HARTLE, Stephanie (2017). Digging up the Left-Wing Corpse: Reenactment and Melancholia in Jeremy Deller's The Battle of Orgreave. In: The Left Conference : Photography and Film Criticism, Lisbon, Portugal, 16-18 November 2017. (Unpublished) [Conference or Workshop Item]
Abstract
Jeremy Deller’s The Battle of Orgreave (2001) saw around 800 participants, including members of the original conflict, performing in a highly orchestrated restaging of the violent clash in South Yorkshire in 1984 between striking miners and police. In the context of increasing political uncertainty and recent revivals of public activism, the particular inflection of this paper is to consider how far Deller’s reenactment is a catalyst for political action or a withdrawal from it. In doing so, Walter Benjamin’s notion of ‘left-wing melancholy’ will be invoked.

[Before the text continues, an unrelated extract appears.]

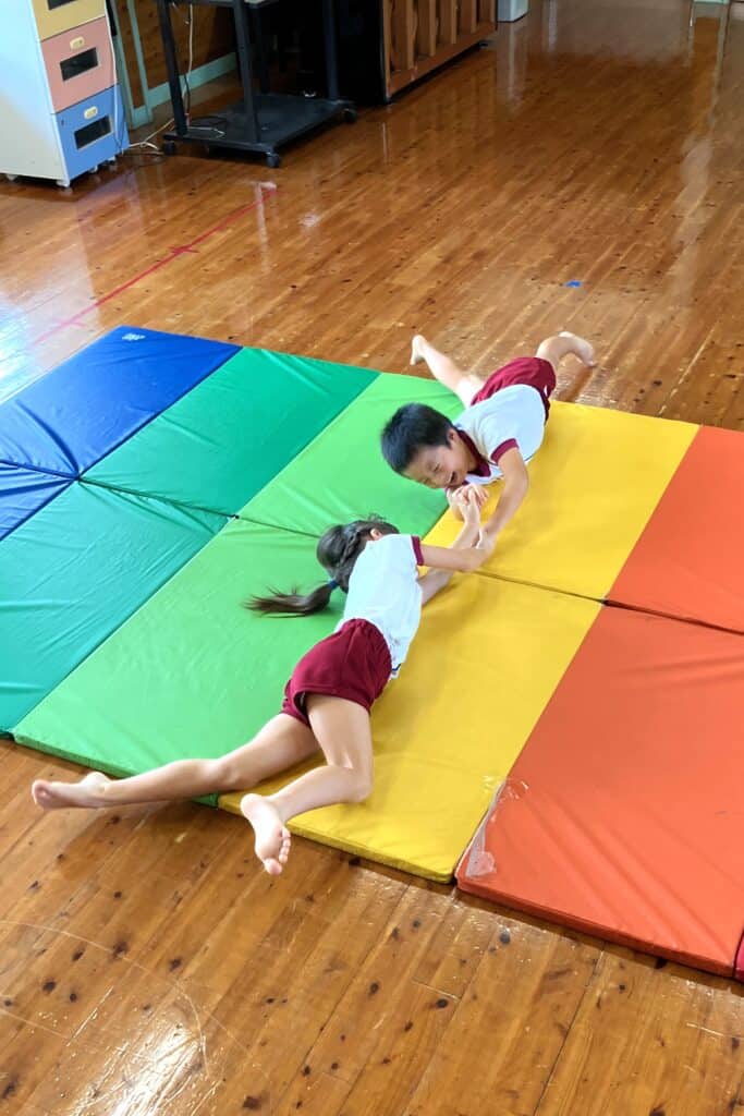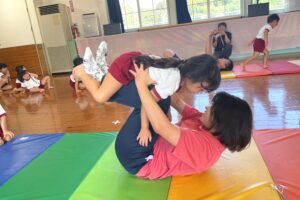 運動遊びでは、ブリッジに挑戦したり、先生のくるりんぱでバク宙を楽しんだり、最後は、大根抜きで盛り上がりました😊!!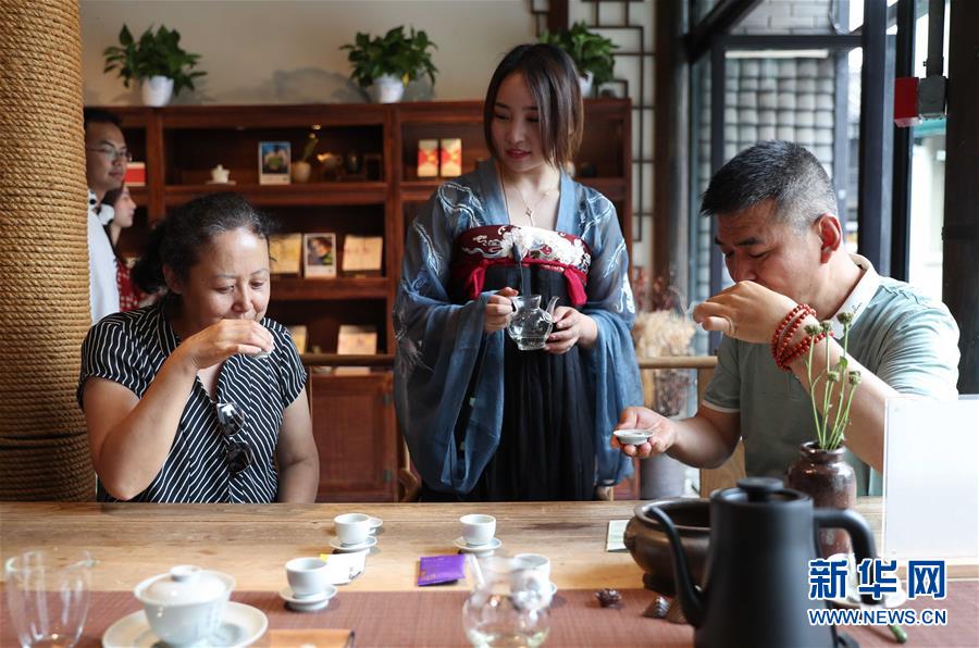6月9日,在成都寬窄巷子古今茶語(yǔ),兩位來(lái)自太原的游客參與品香猜茶互動(dòng)游戲。新華社記者 江宏景 攝

Benjamin’s use of the term to refer to a perceived (unwelcome) development in the Left was a condemnation of a sentimentalism he aligned with a type of reification and fetishism. In taking in a psychoanalytical framework of analysis this malaise is close to the condition of melancholia as defined by Freud in 1917, however, there are important differences here too. Freud identified melancholia as the result of an inability to consciously perceive the lost object, a persistent and unavowable grief. Deller’s project reaches a tangibly painful sense of melancholia on hearing the well-known battle cry repeated in the present, ‘We’re miners united, we’ll never be defeated', thus prompting the viewer to consider the seeming vacuity of Deller's gesture. At the same time, calls for a full inquiry into this notorious landmark of leftist British history have been repeatedly resisted.
This paper seeks to consider how Orgreave’s concern with the historical ‘then’ and the ‘now’ points to wider issues over the relationship of art and politics in contemporary culture and the critique of capitalism. The performance of reenactment raises complex questions regarding (re)collection, nostalgia and interpretation, inevitably revealing significant temporal and spatial fissures. Themes of digging-back, exhumation and historical layering appear as key ideas underpinning Orgreave. The employment of gothic tropes and, specifically, the summoning of the ghost or spectre have been well documented in previous writings on the work of Marx. What I am concerned with here is the extent to which Orgreave recalls the gothic tropes of Marxism, especially in terms of the corpse motif. It could be argued that both Orgreave and the figure of the vampire, as the ‘living-dead’, share similar characteristics of ambiguity and a crisis of identity, inhabiting a neither-nor space, between good and bad and ‘otherness’. It is through this notion of difference that could allow for the potential of critical engagement, and for Deller’s work to be conceived as a direct confrontation rather than a melancholic act of repetition; a living history. Orgreave, it will be argued, activates a dialectic of reality and fiction and functions as a reminder of the potential power of people, or more specifically the collective crowd, who are made visible rather than hidden.